### GOAL OF THE EXERCISE
Give back each entry exactly as written, apart from the pictures.

EXERCISE DATA START

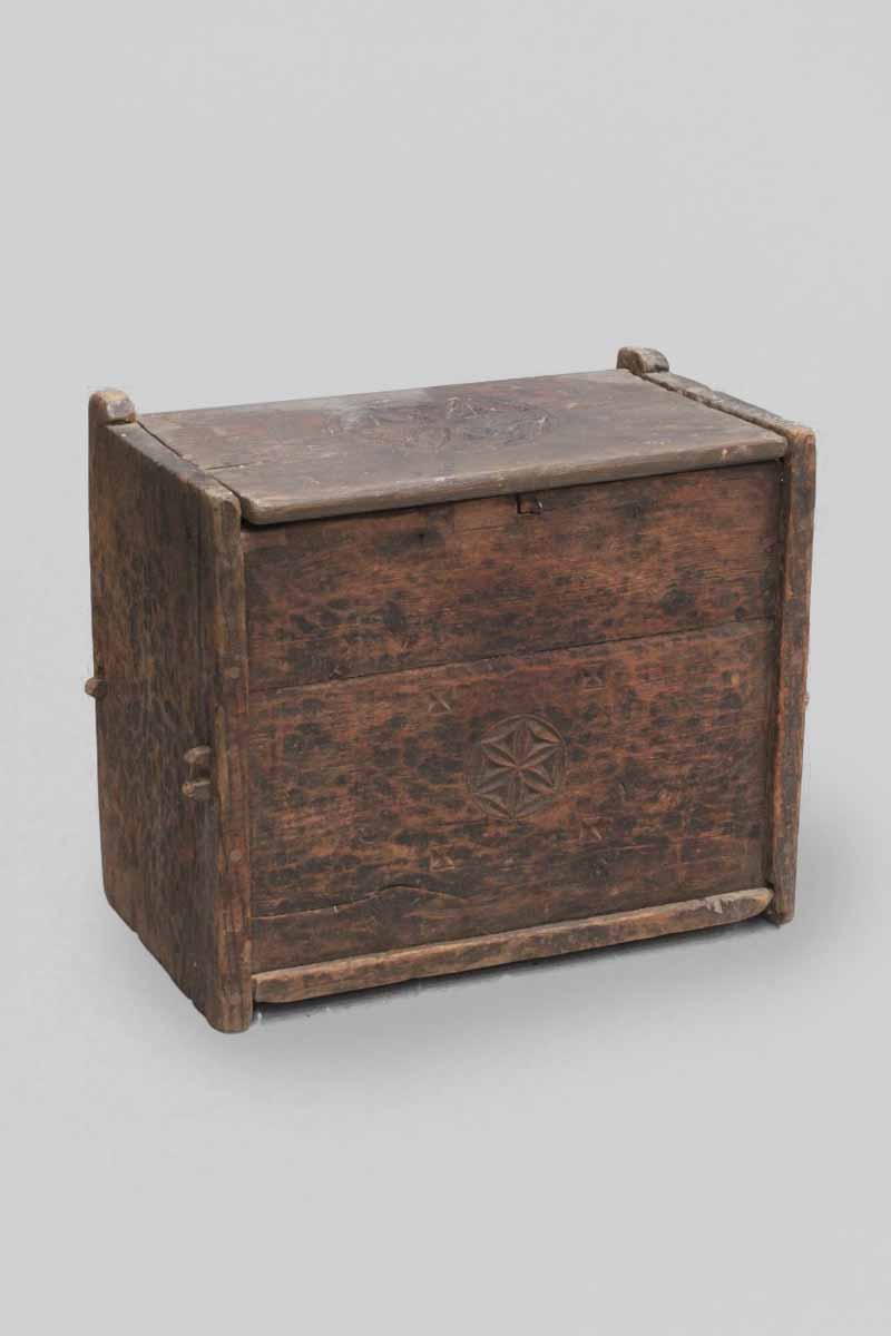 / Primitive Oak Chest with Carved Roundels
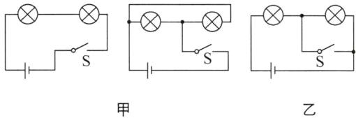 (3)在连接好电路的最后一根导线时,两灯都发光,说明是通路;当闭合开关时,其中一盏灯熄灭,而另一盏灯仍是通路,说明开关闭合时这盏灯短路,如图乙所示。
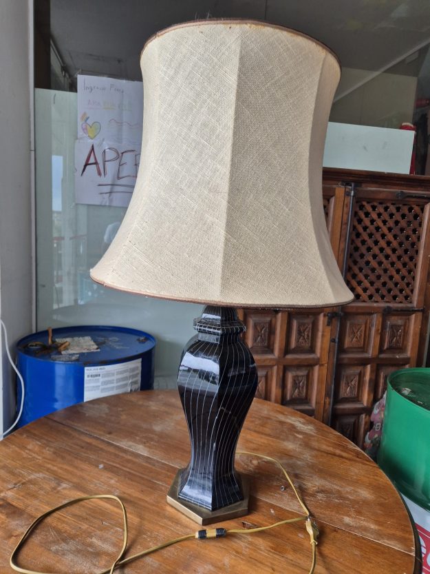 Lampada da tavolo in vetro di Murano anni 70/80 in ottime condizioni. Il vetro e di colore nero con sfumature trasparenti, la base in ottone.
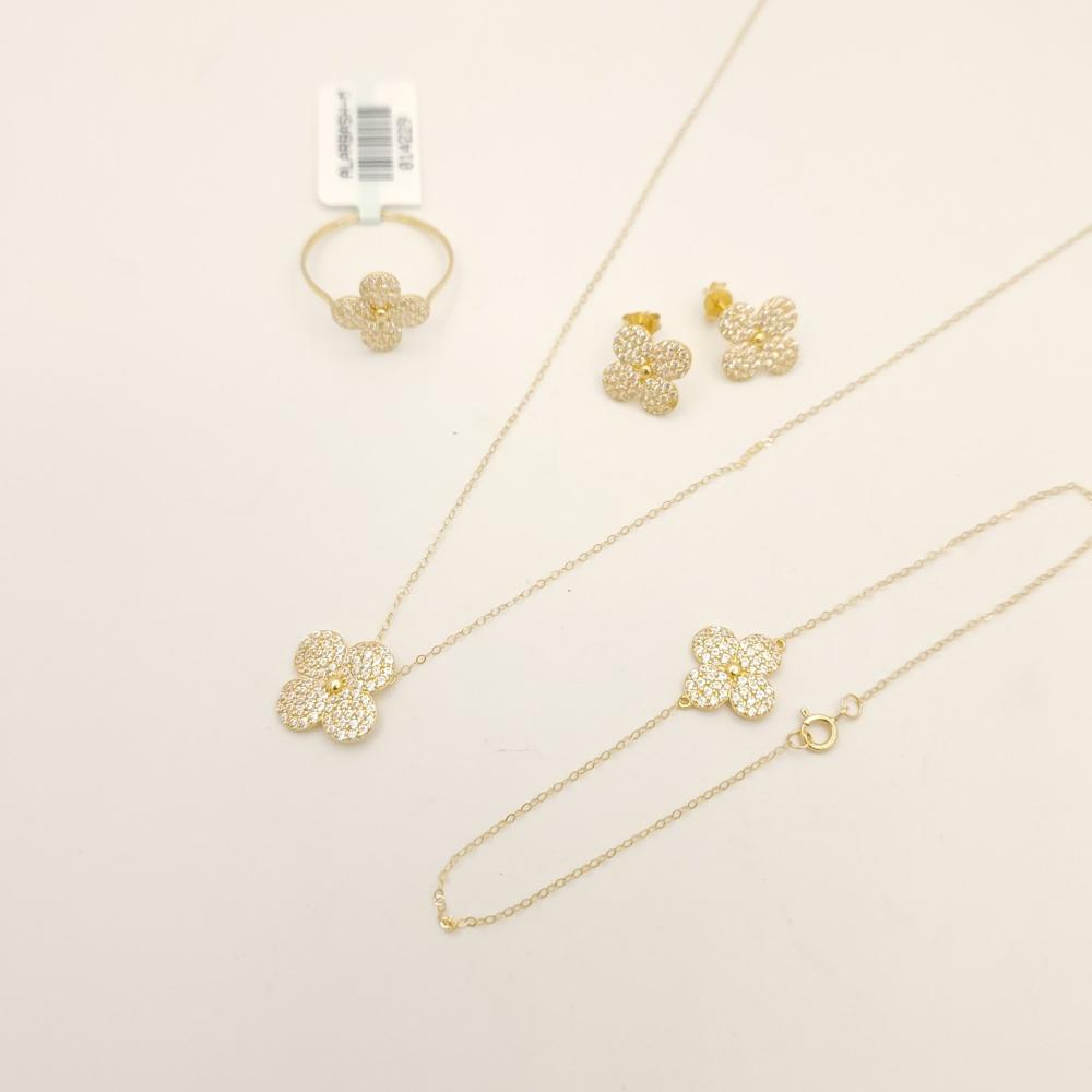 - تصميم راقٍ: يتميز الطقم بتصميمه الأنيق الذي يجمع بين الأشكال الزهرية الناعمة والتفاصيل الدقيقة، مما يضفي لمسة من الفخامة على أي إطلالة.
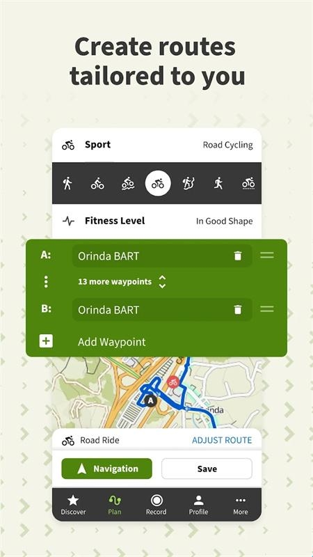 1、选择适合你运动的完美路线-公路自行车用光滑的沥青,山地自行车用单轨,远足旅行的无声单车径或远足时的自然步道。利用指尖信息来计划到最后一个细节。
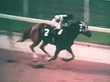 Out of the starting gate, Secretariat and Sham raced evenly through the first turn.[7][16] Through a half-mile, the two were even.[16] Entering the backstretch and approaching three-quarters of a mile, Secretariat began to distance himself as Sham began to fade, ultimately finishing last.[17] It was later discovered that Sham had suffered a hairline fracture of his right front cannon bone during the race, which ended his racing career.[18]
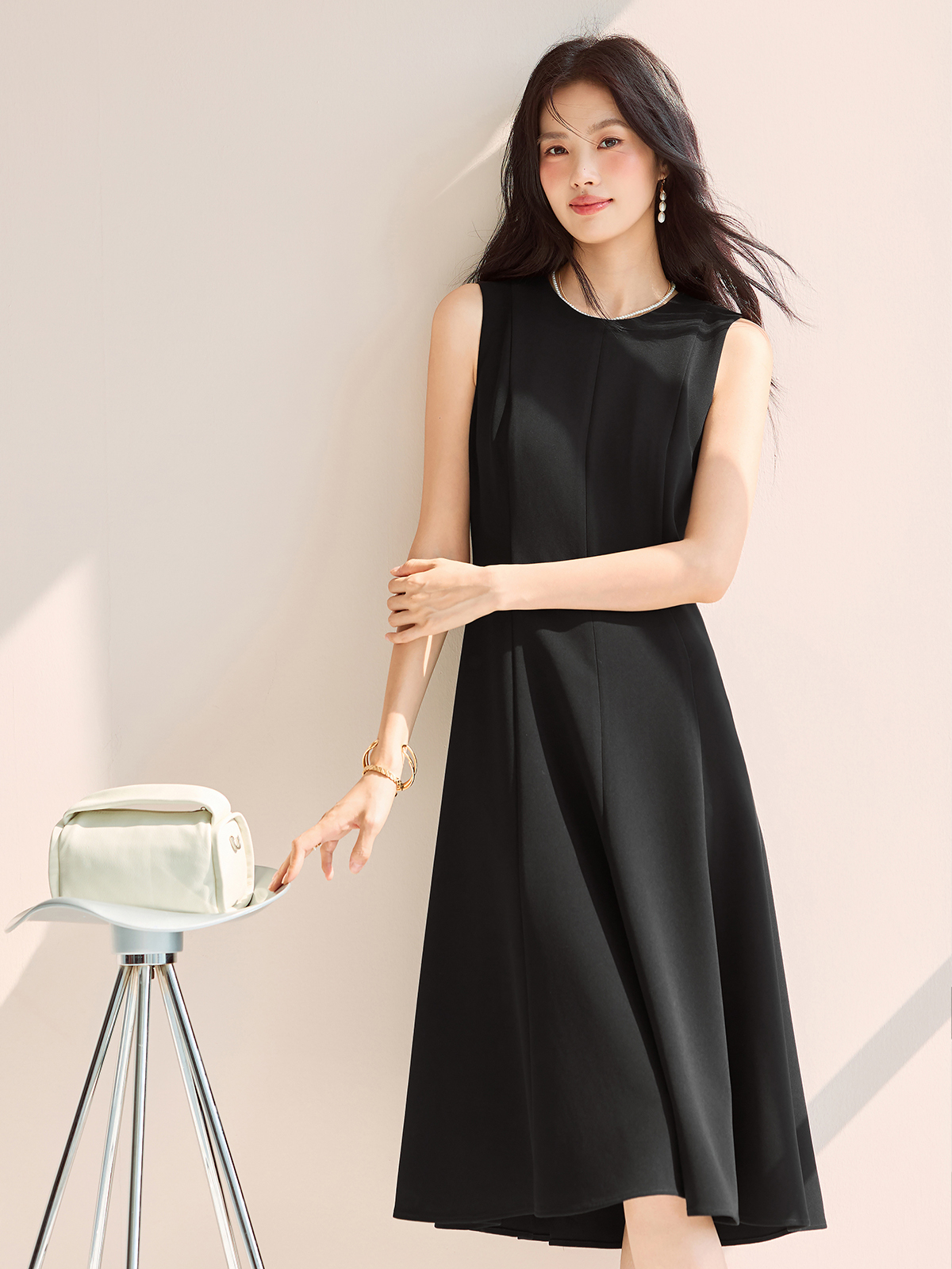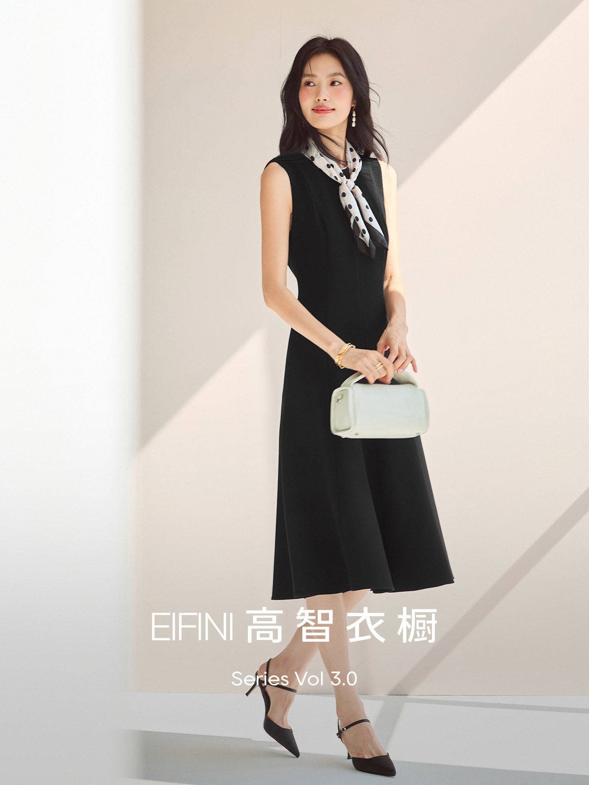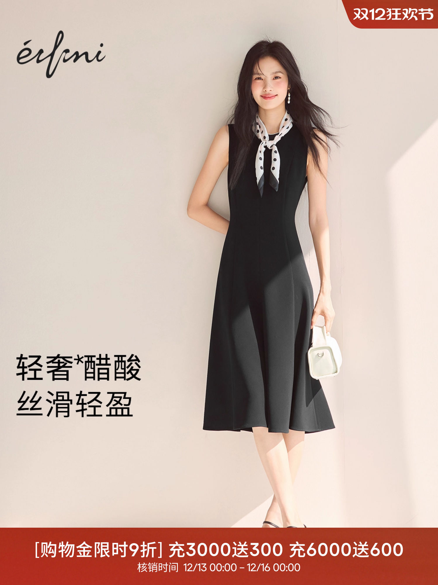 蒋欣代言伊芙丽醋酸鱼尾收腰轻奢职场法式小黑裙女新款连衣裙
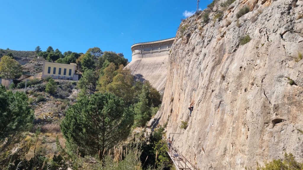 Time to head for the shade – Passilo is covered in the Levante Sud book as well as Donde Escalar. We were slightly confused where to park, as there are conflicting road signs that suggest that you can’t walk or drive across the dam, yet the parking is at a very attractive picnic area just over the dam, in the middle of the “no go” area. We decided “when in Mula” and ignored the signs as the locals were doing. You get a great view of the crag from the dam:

EXERCISE DATA END

### EXERCISE RESPONSE
 / Primitive Oak Chest with Carved Roundels
 (3)在连接好电路的最后一根导线时,两灯都发光,说明是通路;当闭合开关时,其中一盏灯熄灭,而另一盏灯仍是通路,说明开关闭合时这盏灯短路,如图乙所示。
 Lampada da tavolo in vetro di Murano anni 70/80 in ottime condizioni. Il vetro e di colore nero con sfumature trasparenti, la base in ottone.
 - تصميم راقٍ: يتميز الطقم بتصميمه الأنيق الذي يجمع بين الأشكال الزهرية الناعمة والتفاصيل الدقيقة، مما يضفي لمسة من الفخامة على أي إطلالة.
 1、选择适合你运动的完美路线-公路自行车用光滑的沥青,山地自行车用单轨,远足旅行的无声单车径或远足时的自然步道。利用指尖信息来计划到最后一个细节。
 Out of the starting gate, Secretariat and Sham raced evenly through the first turn.[7][16] Through a half-mile, the two were even.[16] Entering the backstretch and approaching three-quarters of a mile, Secretariat began to distance himself as Sham began to fade, ultimately finishing last.[17] It was later discovered that Sham had suffered a hairline fracture of his right front cannon bone during the race, which ended his racing career.[18]
 蒋欣代言伊芙丽醋酸鱼尾收腰轻奢职场法式小黑裙女新款连衣裙
 Time to head for the shade – Passilo is covered in the Levante Sud book as well as Donde Escalar. We were slightly confused where to park, as there are conflicting road signs that suggest that you can’t walk or drive across the dam, yet the parking is at a very attractive picnic area just over the dam, in the middle of the “no go” area. We decided “when in Mula” and ignored the signs as the locals were doing. You get a great view of the crag from the dam:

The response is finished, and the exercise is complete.